In a world with Bitcoin transaction insurance, the amount of money available for hashing at any given time is the total amount of money being transferred with insurance. In the short run, insurance companies will be willing to spend up to 100% of a transaction's amount in order to get it confirmed. For example they may do a contract with a render farm or super computing center to provide extra hashing in case of a large-scale surprise attack. They will contract with each other to coordinate such efforts - because that means lower risk from large attacks and that means lower costs.

A long-term attack like a government trying to shut Bitcoin down would cause them to raise premiums and at that point it's a matter of who is willing to spend more money overall: the global Bitcoin user base or the attacker. However, "more hashing" is not always the best defense. Imagine the US government attacking Bitcoin. Insurance companies could hire lobbying firms to stop that practice. They could advertise to get public support. They could help mobilize and fund Bitcoin's grassroots supporters and stakeholders.

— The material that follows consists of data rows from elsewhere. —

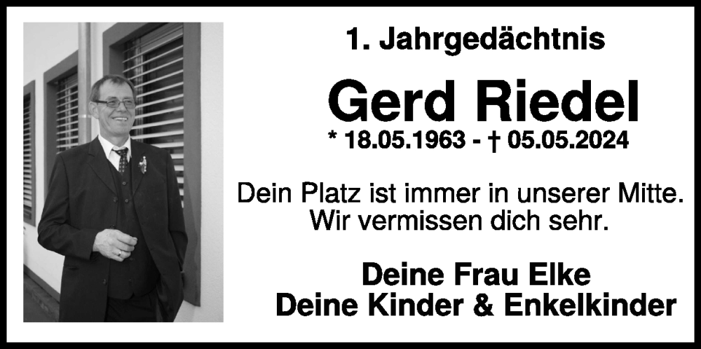Hier finden Sie alle Traueranzeigen aus der Zeitung, die bisher für Gerd Riedel erschienen sind. Weitere Traueranzeigen, die in der Zeitung erscheinen, werden hier ebenfalls aufgelistet
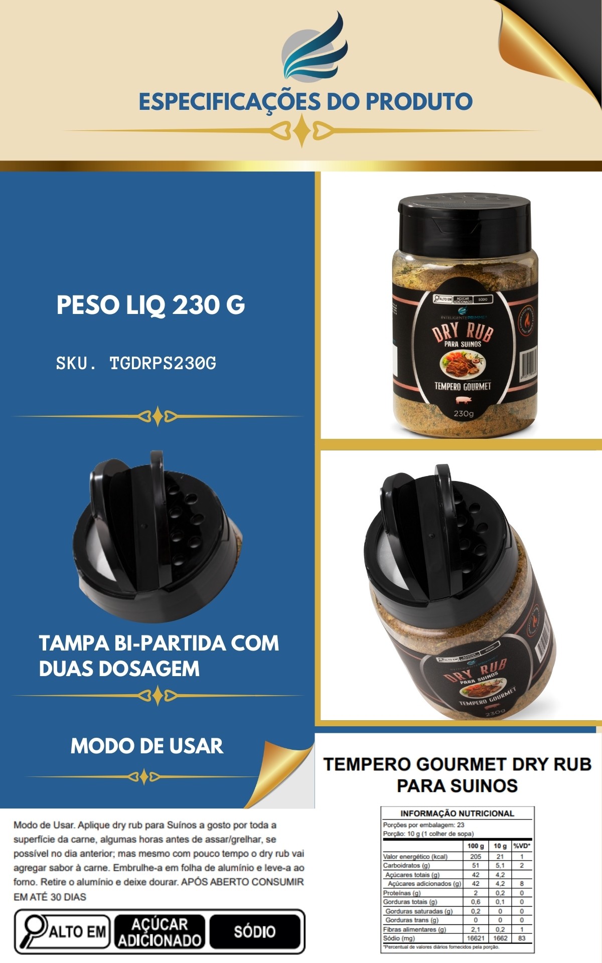 Produzido com ingredientes 100% naturais e livre de aditivos químicos, este tempero respeita o sabor original da carne e proporciona uma experiência gastronômica refinada. Ideal para costelas, pernil, lombo e cortes especiais, o Dry Rub para Suínos entrega performance profissional em receitas caseiras.
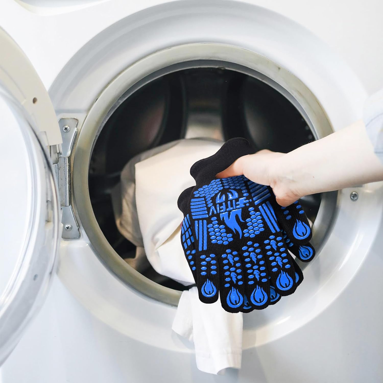 BBQ Gloves, Oven Gloves, Extreme Heat Resistant Barbecue Gloves, Silicone Non-Slip Oven Mitts, Kitchen Gloves for Cooking, Grilling, and Baking (Blue)
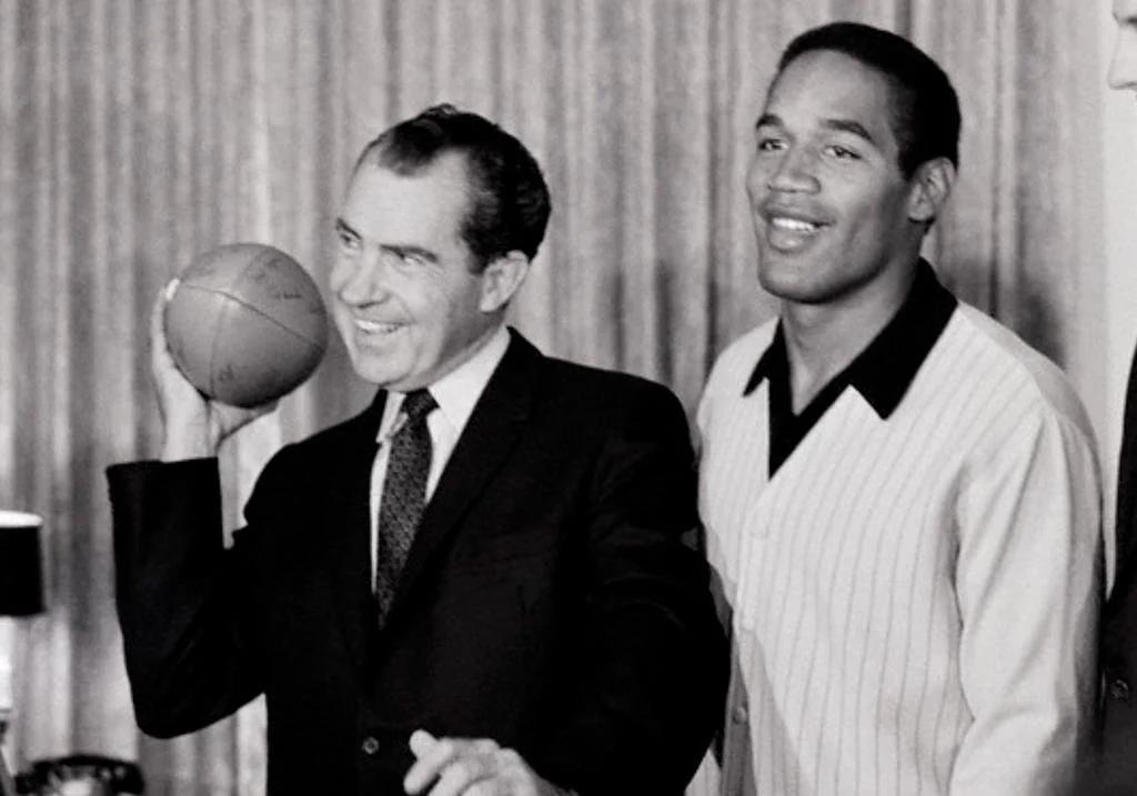 In antithesis to the paradigm of the politically engaged African-American athlete, we can find a typology of athlete that could be defined as post-racial: in its eliding and supposedly going beyond the racial question, this narrative category qualifies blackness itself as an obstacle and disadvantage, giving way to a fantasy of racial transcendence[9] that relies on stereotypes and archetypes capable of confirming racist trajectories precisely by inverting ‘normal’ racist expectations. An example of this formula is the archetype of the exceptional negro, with superhuman (or beastly?) athletic and physical prowess, which was often used to portray OJ the athlete, as fast as the wind, as powerful as a hurricane: the same speed that allowed him to run the iconic 64-yard dash against UCLA made him the perfect profile for the famous 1978 Hertz commercial. The image projected by OJ in this short video delineates him as a model of harmless, friendly blackness: smartly dressed, he advertises the same cars that, when associated with African-Americans, are most likely to be juxtaposed with stories like that of George Floyd[10]. He is a black man, but he alienates himself from his blackness: he might as well be a white man.

In the event of a private company like a competing payment processor attacking Bitcoin, they might seek help from law enforcement. Hashing for the purpose of blocking all transactions or otherwise interfering with Bitcoin would likely be considered criminal hacking in most countries. Even if legal prosecution doesn't succeed, such practices if exposed would do tremendous damage to a company's image. So if you can find out who recently bought ten thousand high performance graphics cards, they would be in a lot of trouble.

Insurance is the tried and true way of dealing with risk. Whether it's a Bitcoin transaction or a money truck, if you want to be covered in case it doesn't make it, get insured. And the nice thing with Bitcoin is that money in transfer can't actually be stolen, only stopped/reversed. So Bitcoin transfers between trusted parties at least will be a lot cheaper to insure than any money truck.

And once again, I'm not advocating for doing anything. All I'm saying is that Satoshi's design will hold up as is. Regulation of the hashing level does not have to and SHOULD NOT be included in the protocol. Because doing so would be much less flexible and fair than letting people create suitable institutions themselves.


¹ Reality is a bit messy - the person getting insurance would pay a little bit more than the pure risk due to administrative overhead. But as the existance of other insurance companies proves, people are willing to pay that little bit extra in order to have certainty. It is likely that many transactions, if not most, would be insured. Convenience goes a long way.